2.3. Le gag visuel comparé au gag verbal

Si nous avons vu jusqu’à maintenant plusieurs exemples de gags physiques et quelques façons de les introduire dans le film comique, il ne faut pas conclure qu’on les retrouve en grand nombre pour autant. En effet, le visionnement d’une centaine de films du répertoire comique muet, comparé avec le contenu d’environ deux cents comédies contemporaines, nous a permis de constater que la quantité de gags physiques a grandement diminué depuis les années trente. Pourtant, nous entendons parler de gags assez régulièrement, entre autres, à travers les différentes critiques de film et les commentaires du public. Ce qui fausse les données, c’est qu’encore aujourd’hui, on englobe absolument tous les éléments comiques sous un seul et même terme : le gag. Ainsi, lorsqu’on parle du gag au cinéma, on peut parler tout aussi bien d’une grimace, d’une chute, que d’une réplique drôle et la véritable notion de gag se perd. Très souvent d’ailleurs, lorsqu’on blâme les gags pour la mauvaise performance d’un film comique, on se réfère en fait au dialogue. Le gag physique serait-il devenu verbal? Dans un certain sens oui, mais pas sous la forme classique. Il y a bien quelques exemples de gags se déroulant en totalité au niveau du dialogue, mais il s’agit d’exceptions venant plutôt confirmer la rareté de ce type de gag. Dans Tais-toi! (Veber, 2003), le personnage de Quentin (Depardieu) cherche son ami dans la cours d’un asile et l’appelle en criant, « Ruby! ». Un fou qui le suit crie « Merde! » à chaque fois. À la troisième reprise, Quentin, exaspéré, se tourne vers l’homme et lance à son tour un « Merde! » retentissant. Le fou répond en criant « Ruby! ». Dans le film Fantômas contre Scotland Yard (Hunebelle, 1967), le personnage

du commissaire Juve (De Funès), et celui de son adjoint, l’inspecteur Bertrand (Jacques Dynam), viennent de perdre leurs chevaux lors d’une chasse à courre. La scène et le gag commencent au moment où l’inspecteur Bertrand aperçoit le cheval du commissaire Juve.

Gag verbal Déclinaison du gag / forme de base

Dynam – Le cheval! De Funès – Où ça?

Dynam – Là! Exposition

De Funès – Mais c’est un merle! Dynam – Sous le merle.

De Funès – Y a pas de cheval sous le merle... Dynam – Mais si!

De Funès – Ah! ben je vois plus le merle!

Développement

Dynam – Vous voyez le cheval? De Funès – Oui!

Dynam – Au-dessus.

De Funès – Ah! oui je vois le merle.

Retournement et chute

Si le premier gag est plutôt rudimentaire, celui-ci se décline parfaitement selon la forme exprimée par Coursodon et cela sans aucun geste, hormis les expressions des visages. Les deux comédiens sont cadrés en plan rapproché et pendant leur échange, nous ne voyons ni le cheval ni le merle dont il est question. Il s’agit bien d’un gag verbal qui n’aurait pu se traduire autrement que par le langage. D’ailleurs, preuve s’il en est une qu’il

s’agit d’un gag verbal, c’est que même dans le noir complet ou à la radio par exemple, nous le comprendrions parfaitement. On pourrait même le qualifier de gag dialogué.

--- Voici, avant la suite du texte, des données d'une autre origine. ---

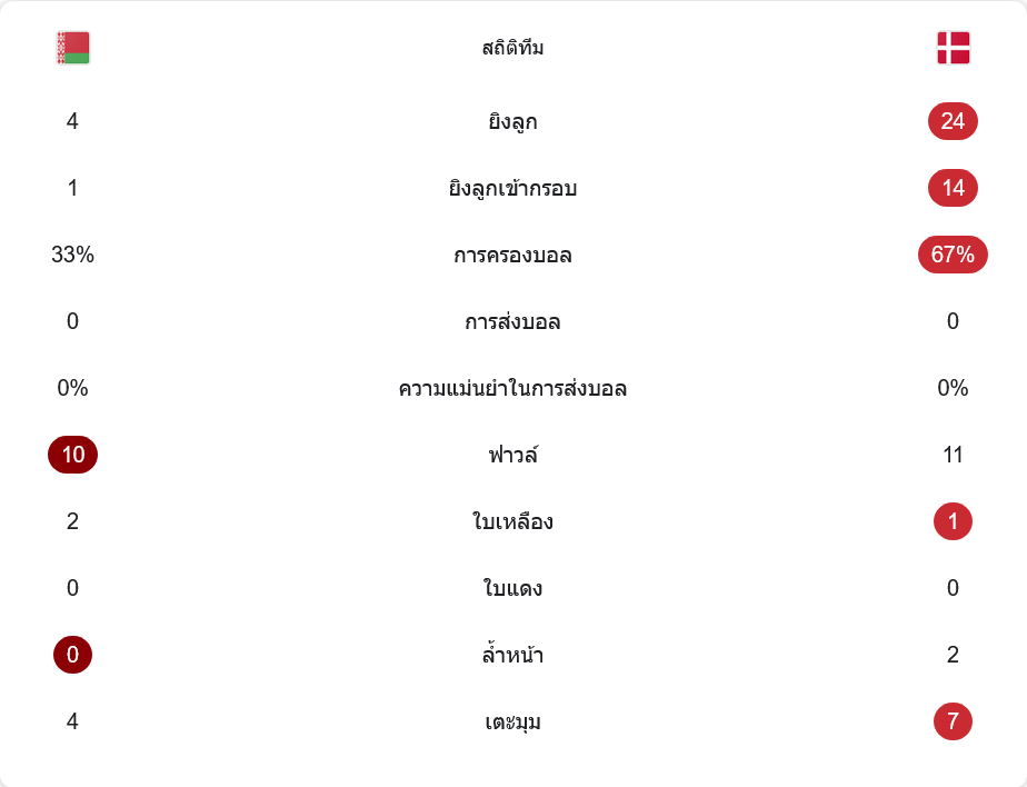 เกมนี้เดนมาร์กเหนือกว่าทุกมิติ พวกเขาครองบอลถึง 67% เทียบกับเบลารุส 33% สร้างโอกาสยิงมากถึง 24 ครั้ง เข้ากรอบ 14 ครั้ง และเปลี่ยนเป็น 6 ประตูเต็ม ขณะที่เจ้าถิ่นมีโอกาสยิงแค่ 4 ครั้ง เข้ากรอบเพียงลูกเดียว ความแม่นยำในการทำประตูและความหลากหลายของเกมรุกคือกุญแจสำคัญ เบลารุสฟาวล์ 10 ครั้ง เดนมาร์ก 11 ครั้ง มีใบเหลืองรวมทั้งหมด 3 ใบ เกมนี้เดนมาร์กได้เตะมุมถึง 7 ครั้ง ขณะที่เจ้าถิ่นได้เพียง 4
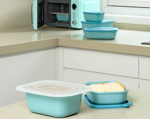 Materiał, z którego wykonano pojemniki, jest nie tylko bezpieczny i wytrzymały. Nadaje się również do podgrzewania w mikrofali i czyszczenia w zmywarce. Możesz więc oszczędzić czas i energię na przekładanie jedzenia do innych naczyń czy też zmywanie ręczne.

Comparons avec un gag physique de la même époque tiré cette fois du film Le

Corniaud (Oury, 1965). Quand le personnage de Saroyan (De Funès), installé sur un

terrain de camping, décide d’aller se doucher, il est suivi d’un colosse qui s’installe juste à côté et se met à faire jouer ses muscles tout en se lavant. À lui seul, le contraste entre le corps musclé de l’athlète et celui flasque et rabougri de De Funès déclenche le rire : « Cette scène de la douche, regardez quel effet elle a produit, conclut Oury [le réalisateur]. Et pourtant, il n’y a pas un mot! C’est du grand cinéma. Si on avait mis des

dialogues, les gens se seraient arrêtés de rire pour les écouter117. » Il y a en fait quelques

mots lancés par De Funès : « Aïe! Mais dites donc! » en recevant une tape dans le dos et, plus tard « C’est fini, oui! Enfin! », sous les regards et les sourires soutenus de l’athlète, mais ils sont inutiles puisqu’ils n’ajoutent rien aux gestes déjà très éloquents de l’acteur. Quoi qu’il en soit, les gags dialogués sont, pour ainsi dire, inexistants, et les gags physiques, de plus en plus rares. À quels genres de gags avons-nous donc affaire aujourd’hui? Examinons quelques cas.

Dans le film N’ajustez pas votre appareil (Levey, 1989), il y a un gag en trois temps très rapide, dont les trois parties sont constituées, on pourrait dire, de trois phrases. L’animateur d’une émission pour enfants, voulant dérider son jeune auditoire, surprend un personnage de clown, Bobo, avec le jeu suivant : « Regarde en haut, regarde en bas, regarde la poêle à frire », la troisième phrase étant suivie d’un violent coup de poêle sur le nez. En fait, ce gag n’est pas formé par les répliques parce que de simples gestes de l’animateur auraient suffit à orienter le regard de Bobo. Ce n’est pas non plus les répliques qui sont drôles en elles-mêmes, car elles ne font qu’accompagner les images. Ce gag aurait pu se jouer au temps du muet sans problème. Ce qui nous porte à croire que le langage y est pour quelque chose dans la drôlerie du gag, c’est parce qu’on le retient facilement et qu’on l’amalgame à chacun des gestes. Mais il s’agit d’un gag visuel, physique.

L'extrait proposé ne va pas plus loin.